Purpose: To evaluate the use of biological response modifiers (BRM) in the treatment of refractory childhood uveitis.

Design: Retrospective non-comparative case series of pediatric patients with uveitis treated with BRM.

Participants: 23 pediatric patients.

Methods: All children (18 years or younger) who received a BRM were assessed for visual changes, time to control inflammation, and any associated adverse side effects. Thirteen patients were treated with infliximab, five with adalimumab, and five with daclizumab. All patients had bilateral eye involvement. Diagnoses of the participants included juvenile idiopathic arthritis, keratouveitis, sarcoid panuveitis, Adamantiades–Behcets disease, and idiopathic panuveitis.

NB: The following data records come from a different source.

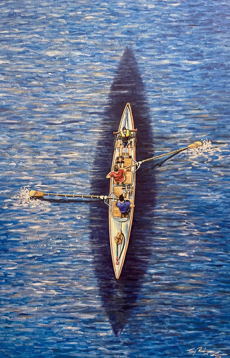 This work tells us about never giving up, about moving forward in the face of any adversity. If we look at the shadow of the boat in the water we realize that it is bigger than the boat, that is the immensity of our dreams.
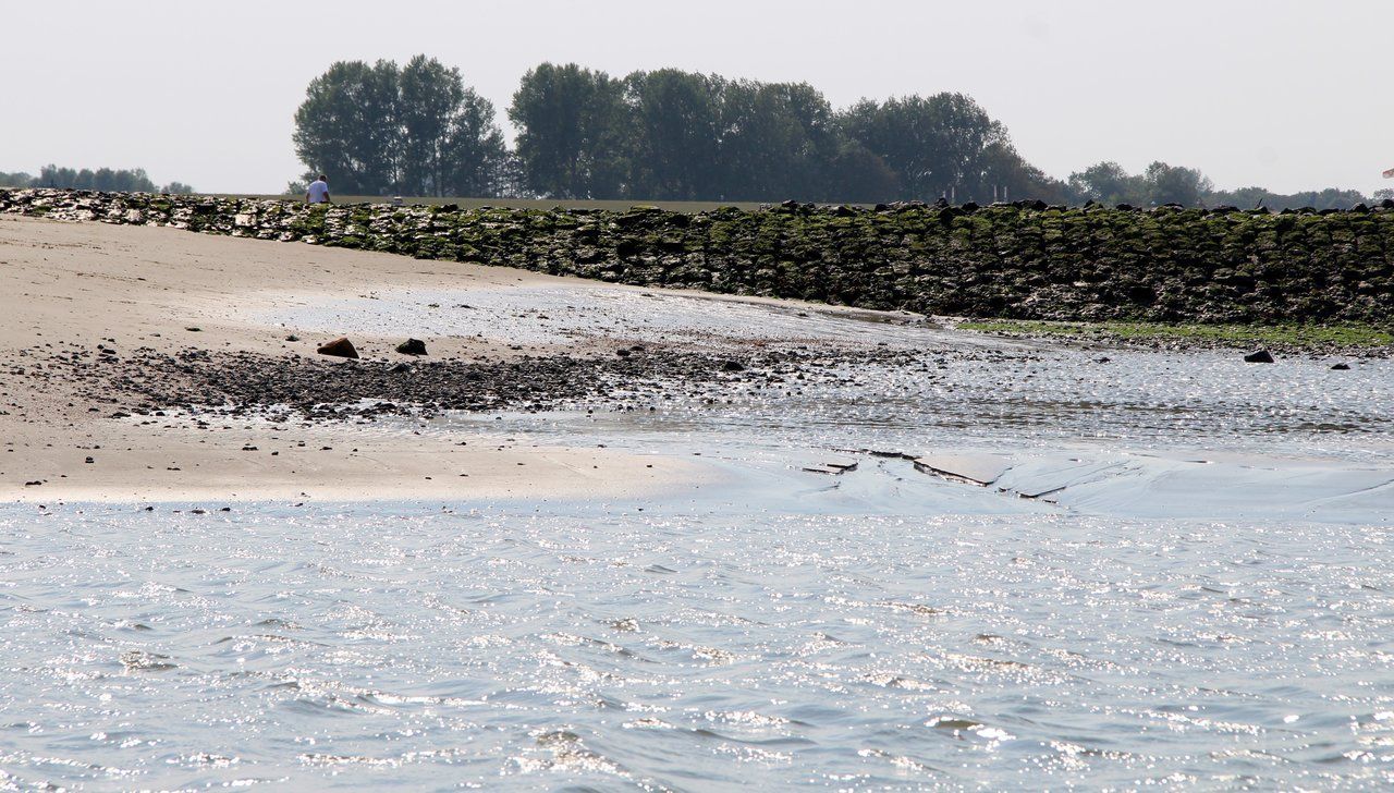 Auf der anderen Seite ist tatsächlich nur noch verdammt wenig Wasser vorhanden. Wir passen ganz genau auf, dass wir die Wasserstraße nicht verlassen.
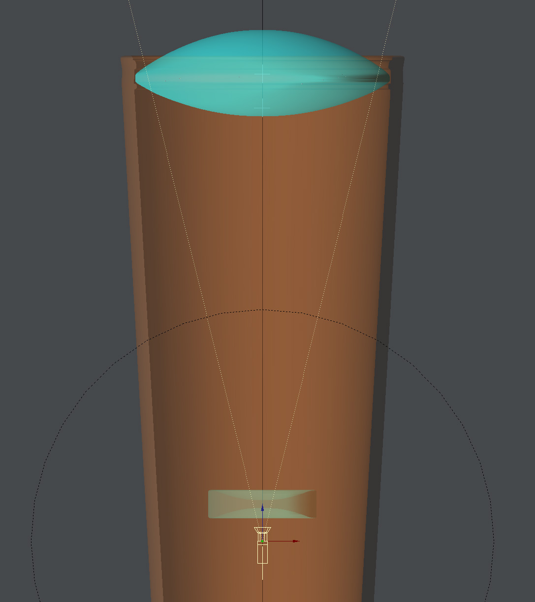 It took a bit of tweaking to find a lens combo that would allow the DoF to focus through to the projected plate, but I settled on a concave lens right in front of the camera, and a convex lens in front of that. (See below. Dotted ring indicates camera focus distance.)
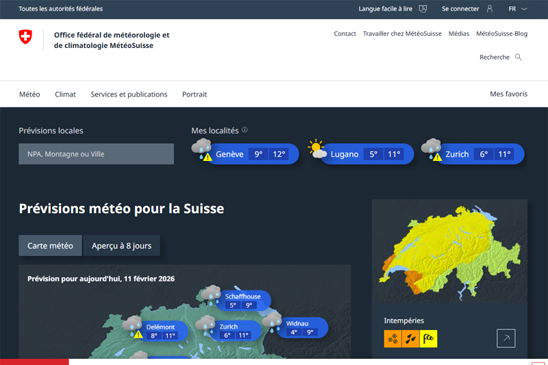 MétéoSuisse est l’Office fédéral de météorologie et de climatologie. Nous prenons le pouls du temps et du climat pour que vous ne soyez pas dans le brouillard.
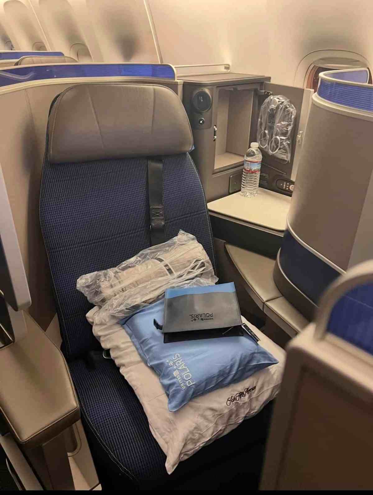 Amenities: We had a nice blanket, pillow, headphones, and amenity kit waiting for us on our seat, which was an added benefit. Impressively, the amenity kits had almost all the same Therabody products as we got in Polaris business class on a separate flight. The case was just different and there were a few less lotions and potions.
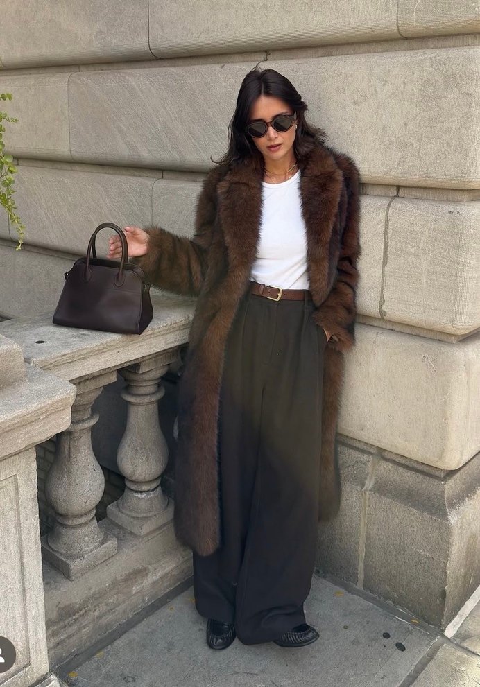 M-l beden Uzun kahverengi suni kürk kaban, kesik yaka ve uzun kollu tasarımıyla günlük kullanıma uygun, rahat ve desensiz bir modeldir.
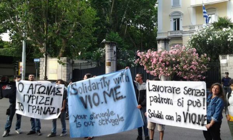 We are blue-collar workers, students, precarious and autonomous workers. We address you with this letter to answer the call for international solidarity made for today, Wednesday 26 of June 2013, by our brothers and comrades of the Vio.Me. self-managed factory of Thessaloniki. In May we met and hosted the workers and the Open Initiative of Solidarity with Vio.Me. in Rome during their tour here in Italy. We met and compared our experiences of struggle and resistance.
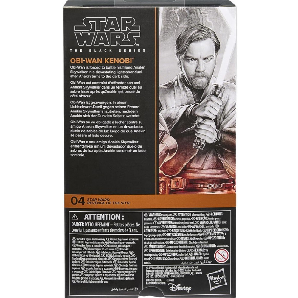 Star Wars The Black Series includes 6 inch action figures, vehicles, and roleplay items from the 40-plus-year legacy of the Star Wars Galaxy, letting fans create galactic scenes with a faithfulness to Star Wars comic books, movies, series, and more. This Star Wars Hasbro action figure is detailed to look like Obi-Wan Kenobi from Star Wars: Revenge of the Sith. With exquisite features and decoration, The Black Series embodies the quality and realism that Star Wars devotees love. May the Force be with you!
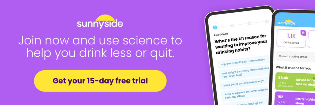 This article references the August 2024 ACER study titled “Self-reported alcohol consumption during participation in a text messaging-based online drinking moderation platform”, available here: https://doi.org/10.1111/acer.15414. Sunnyside’s data was used for the study, but we weren’t involved in the research and analysis. The related press release is available here.
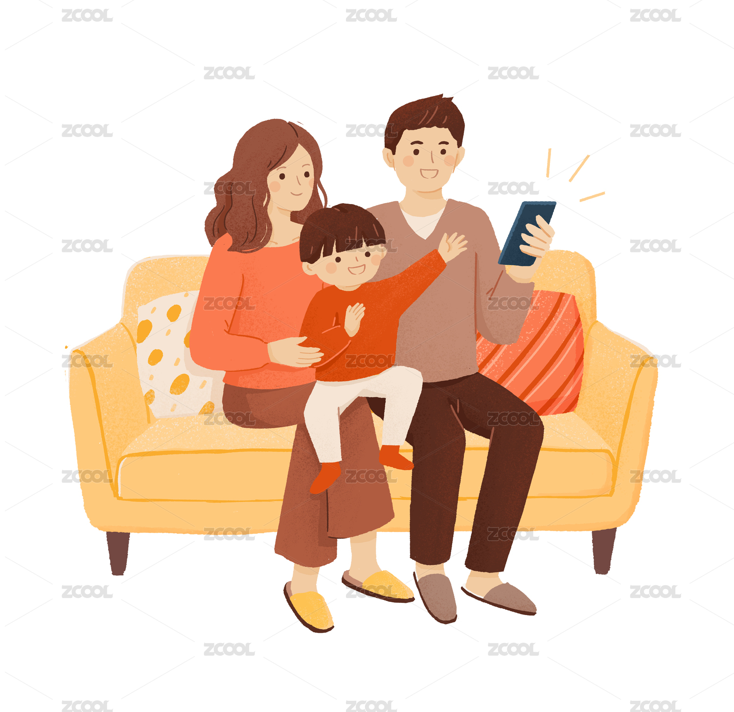 手机视频拍照家人插画
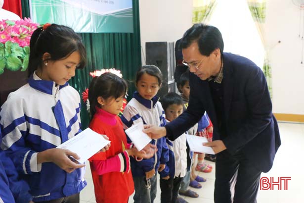 Cũng tại lễ bàn giao, Vietcombank Hà Tĩnh và HAINDECO trao 20 suất học bổng cho học sinh nghèo học giỏi của Trường Tiểu học Kỳ Thượng, mỗi suất trị giá 1.000.000 đồng.
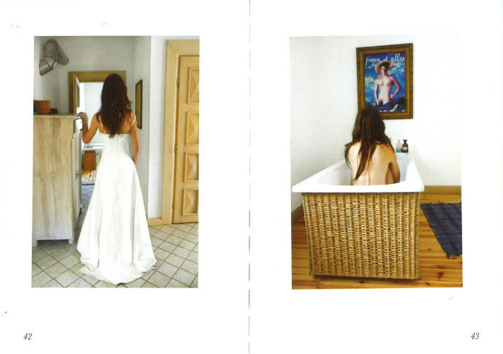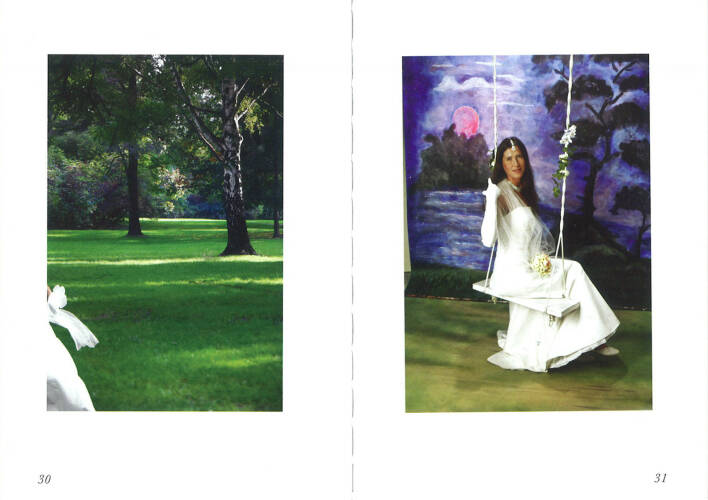 “Desire” is a story of a real wedding dress I received as a gift before my wedding which never took place. Left with the object I started working with it. It is the dress who is the main heroine here – and its story represents a story of how objects and things rule our life…. The Dress was photographed in a nearby photo studio against traditional hand painted cheesy backgrounds, another session took place in a Warsaw park. While in India (where my honeymoon was supposed to take place) the dress and I visited a local photo studio, and had a primitive photo session done. The Dress was borrowed (Swedish bathroom ad session, lesbian wedding magazine photo session, an American friend’s book project) and even danced in…
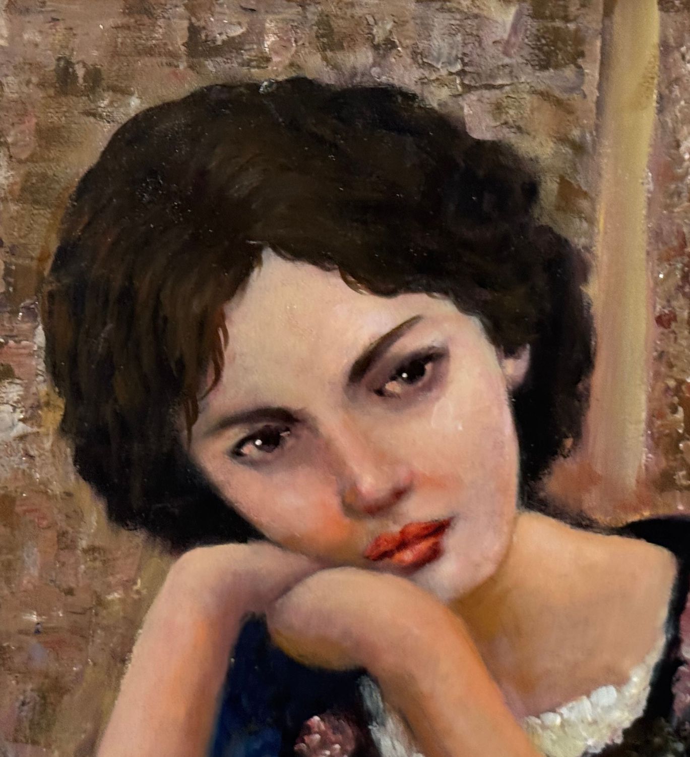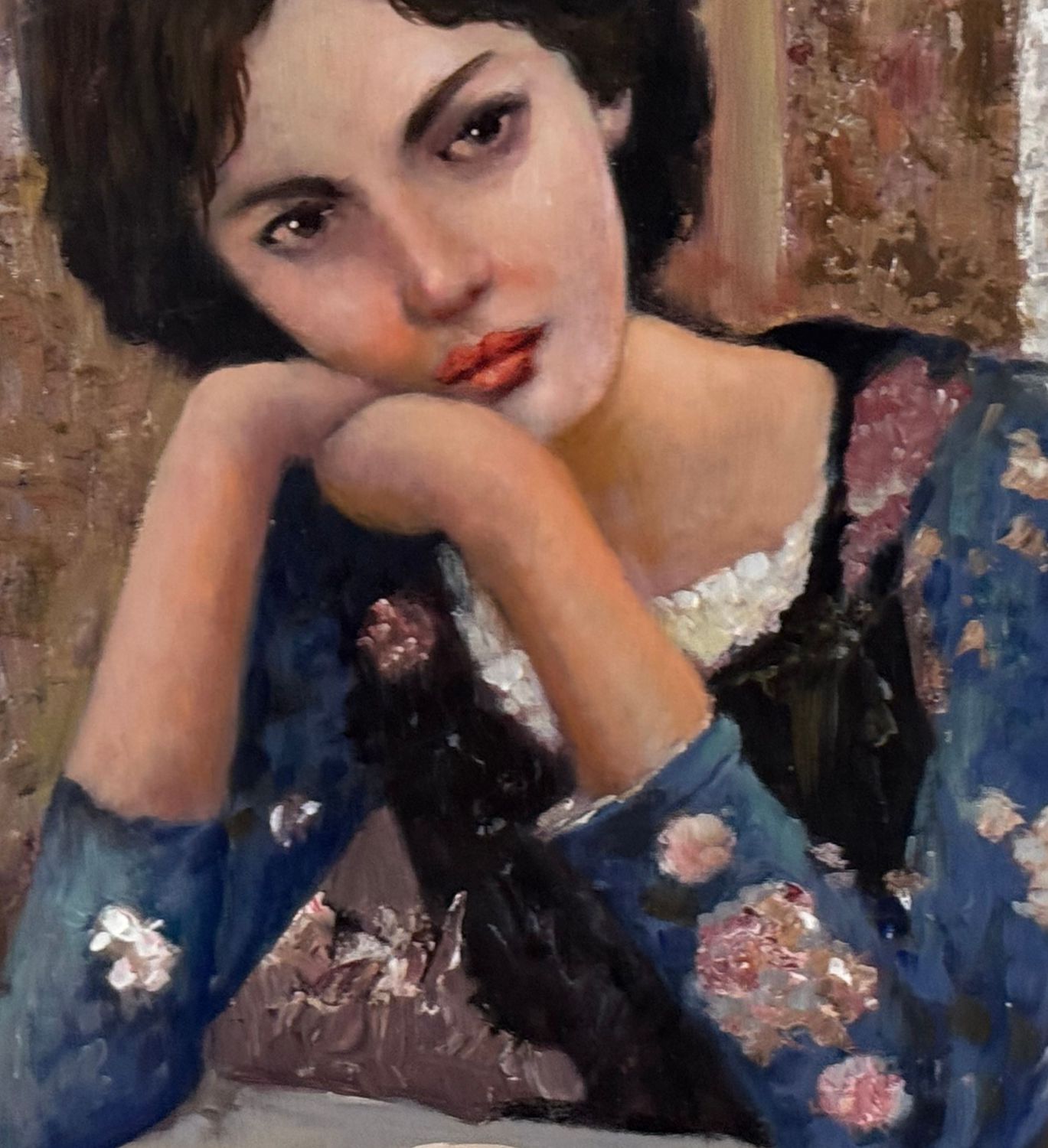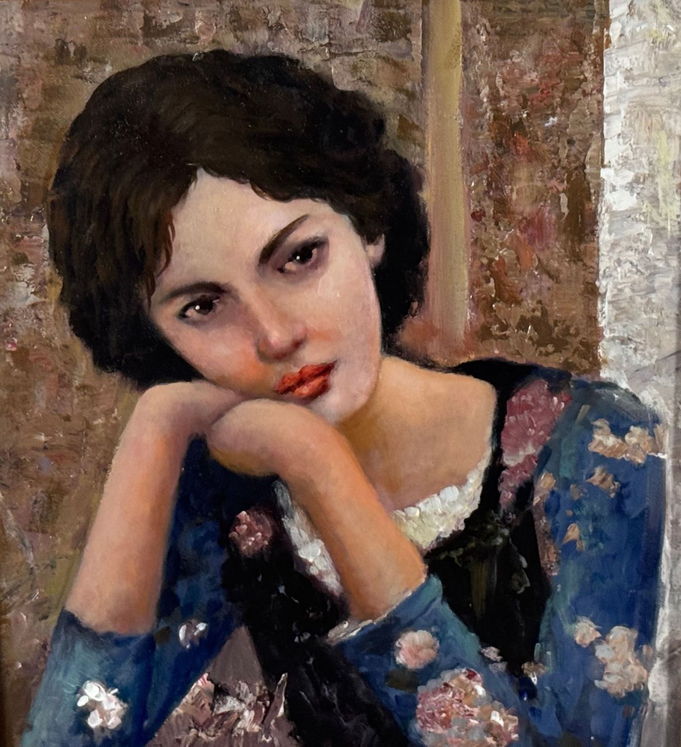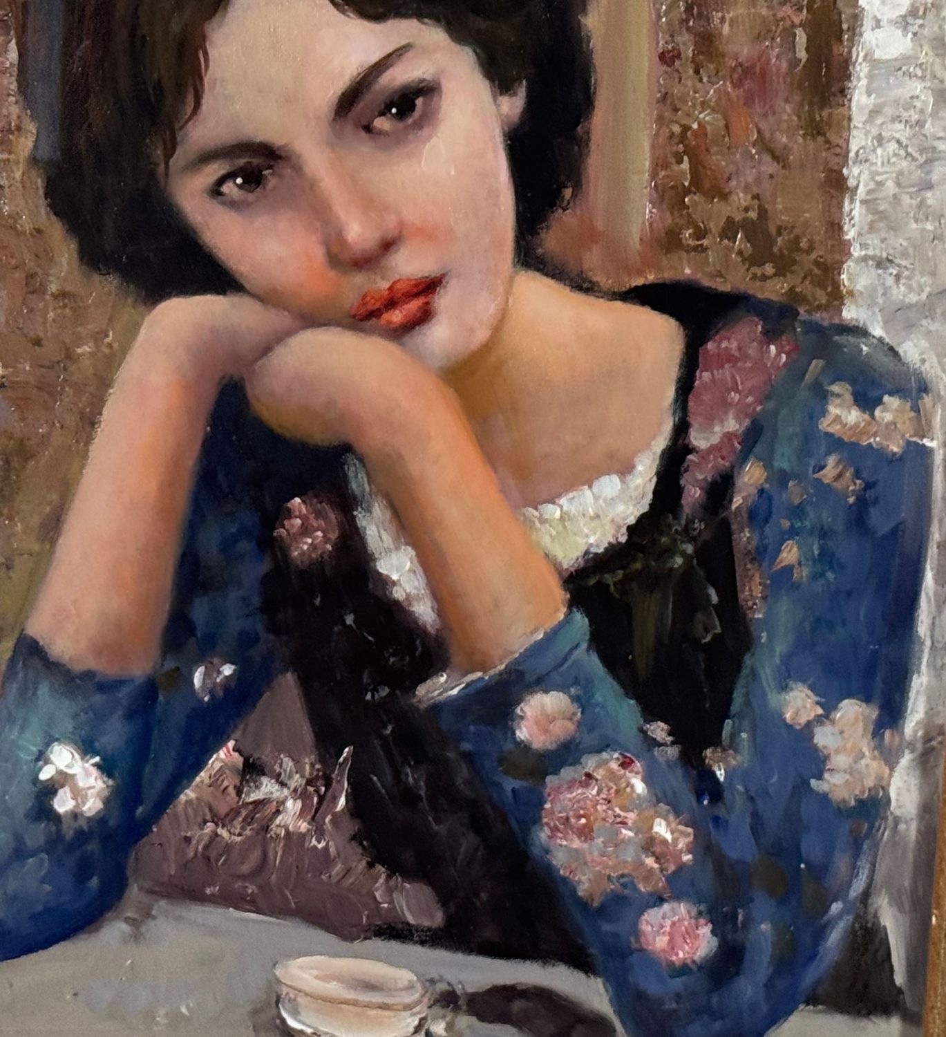 Dipinto olio su cartoncino telato, periodo XX secolo, scuola Italiana, raffigurante Ritratto di giovane donna al bar. Dimensioni compreso cornice: 37x47 cm. Dimensioni interno cornice: 30x40 cm. Artista anonimo. Opera in buone condizioni.

Main outcome measures: Inflammation and visual acuity.

Results: In the infliximab group 16 of 26 eyes (62%), and 10 of 13 patients (77%) demonstrated an improvement in visual acuity. Twenty of 26 eyes (77%) demonstrated an improvement in the degree of inflammation. In the adalimumab group, four of 10 eyes (40%) demonstrated an improvement in visual acuity, with five of 10 eyes (50%) demonstrating an improvement in inflammation. Four of 10 eyes (40%) in the daclizumab group demonstrated an improvement in vision with eight of 10 eyes (80%) demonstrating an improvement in inflammation.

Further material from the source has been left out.